The sun with all its beauty and glory has gone. Where has it gone? Nowhere. But again I ask: Why do I not see it? It has given way to Winter. But why? Is it because that everything in nature comes and goes or is it because that it had no choice but to go and give way to a sombre and disheartening state of affairs just for the sake of it? Hmm.....I have often wondered.
Gloomy days and frosty nights are its constituent. Water trickling down from overhead and onto the ground, moistening the earth after the earth baking I found Oh! a water drop fell down the back of my neck - how cold yet how soothing.
All cuddled up in a big fur coat seeking to find some shelter I was where from a front yard porch could look at the water washing away all the ash of yesterday.

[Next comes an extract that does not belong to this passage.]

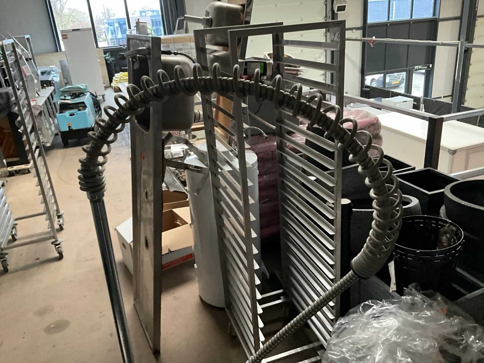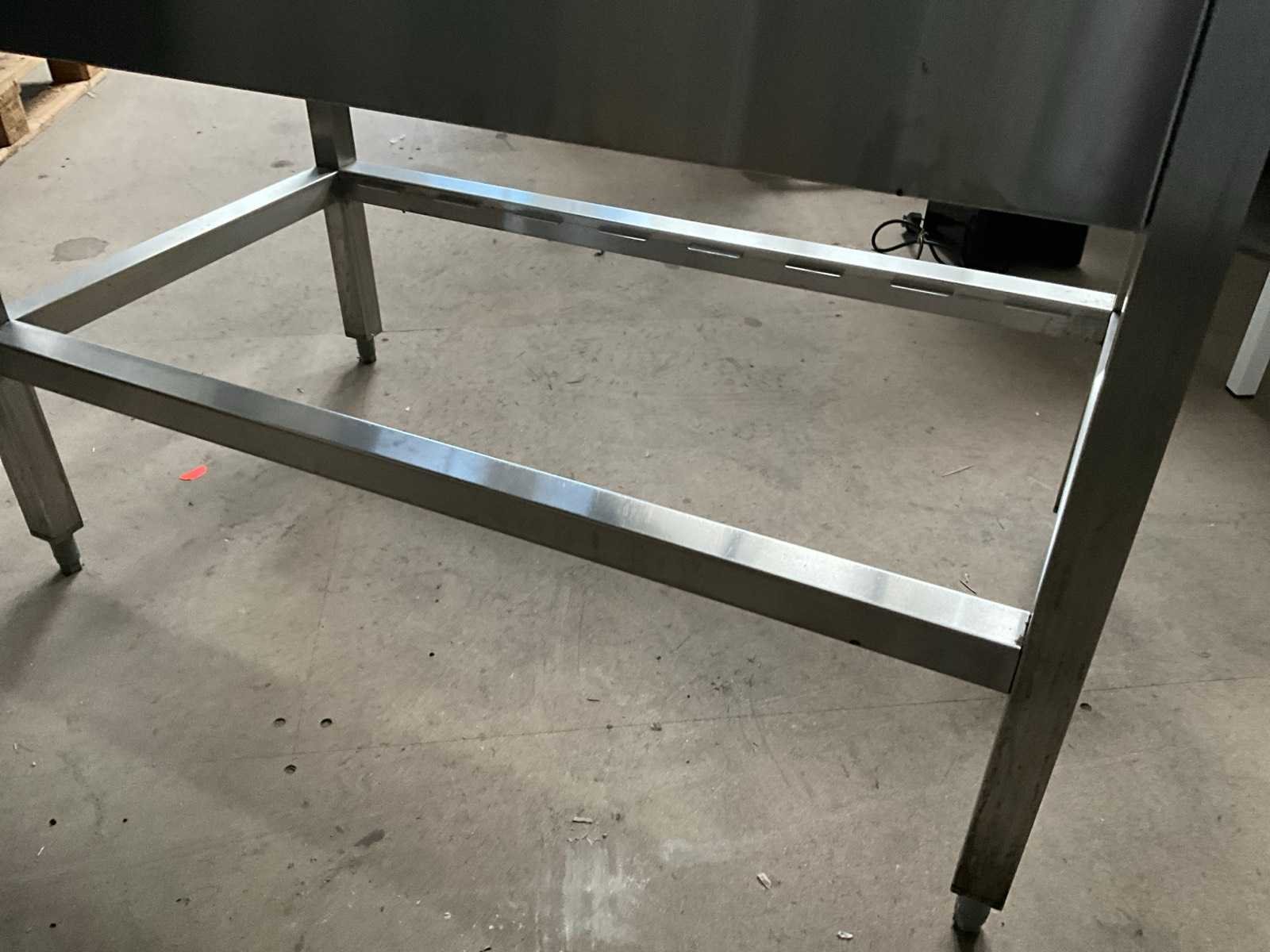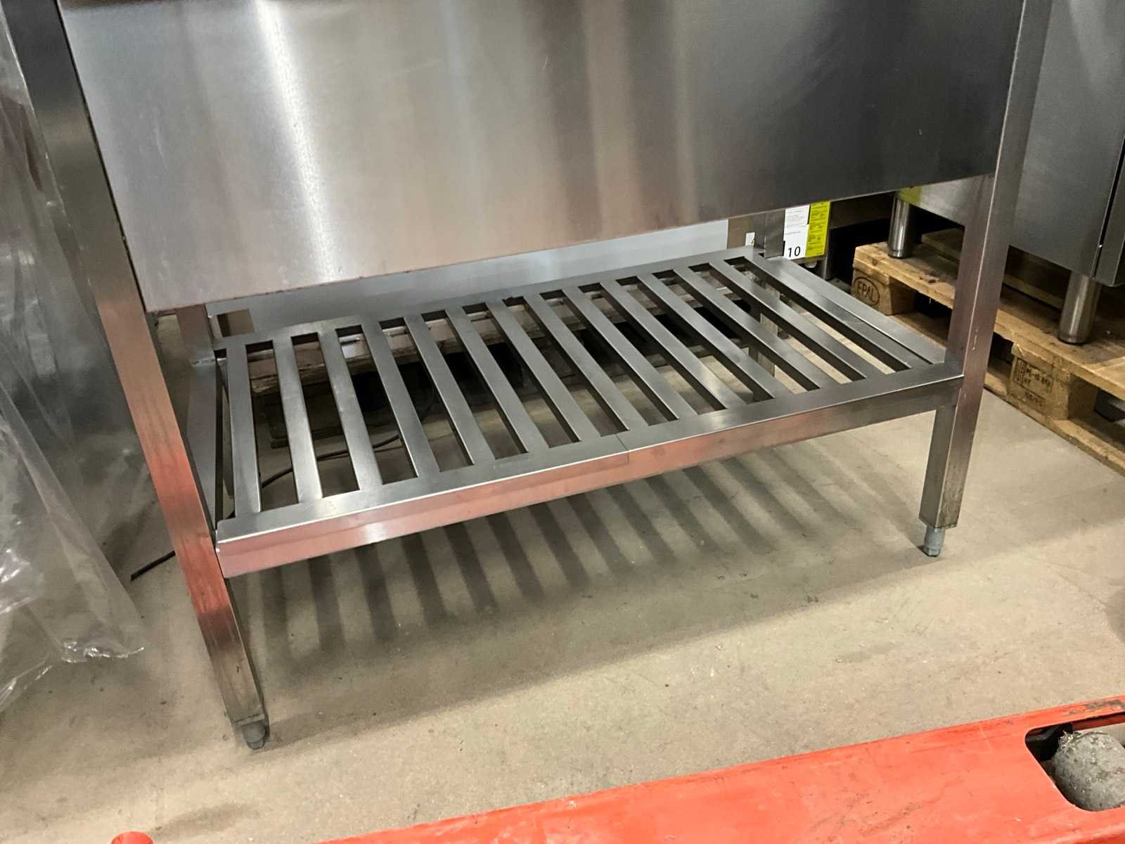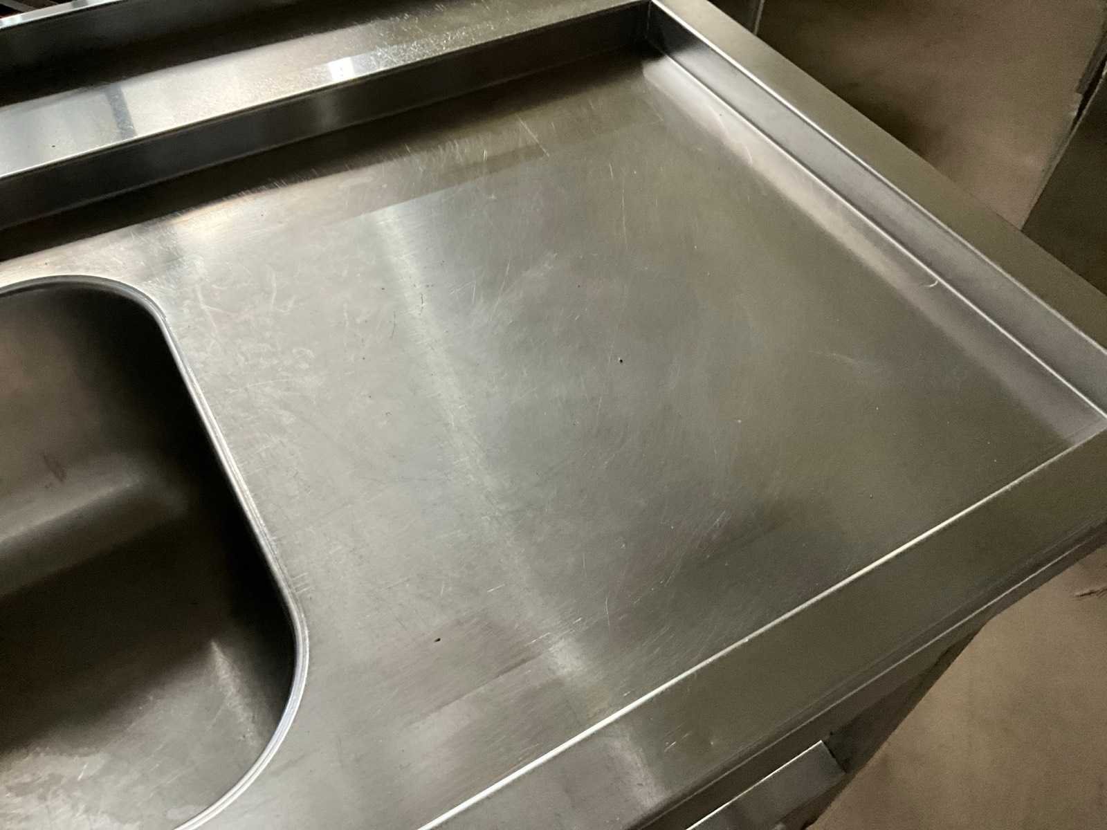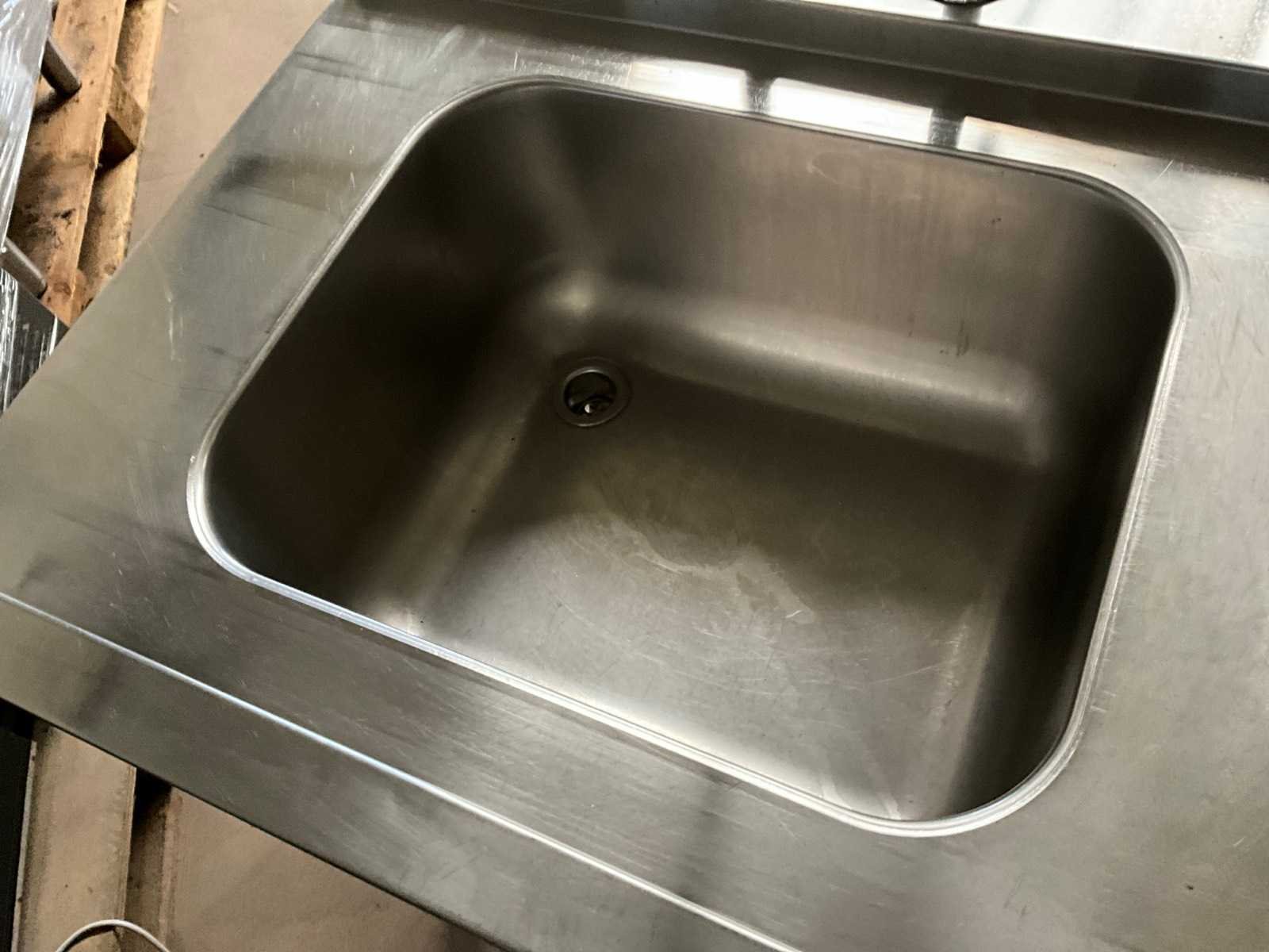 Roestvast staal; kraan met spoeldouche; onderlegrooster; Lengte: 70cm Breedte: 110cm Hoogte: 180cm

How pleasant it is to see such a sight as a river of water making its way down the gutter of man made carrying with it all the dirt and **** that was and will be there another day.
Having found my shelter and home I was dripping and shaking from a winter day looking out there and thinking I dare not be in it again. It can be good and it can be bad, knowing this now after years gone by when I was a child in dismay wondering why I felt so sad. A child in dismay. A child in dismay.......
Ah! another cold drop fell down the back of my neck, through a hole in the porch roof which awakened me from days gone by. Oh how cruel winter is in a way stirring me to think of memories from pleasanter days.
The days are short, the nights are long and both are cold. I must adapt myself as others do to escape the danger and cost of paying the bill when all is needed for winter.
How I wish I was in summer dreaming about winter, but then why should I when both are hard times.
A very early piece written over 35 years ago as prose but recently converted to blank verse format.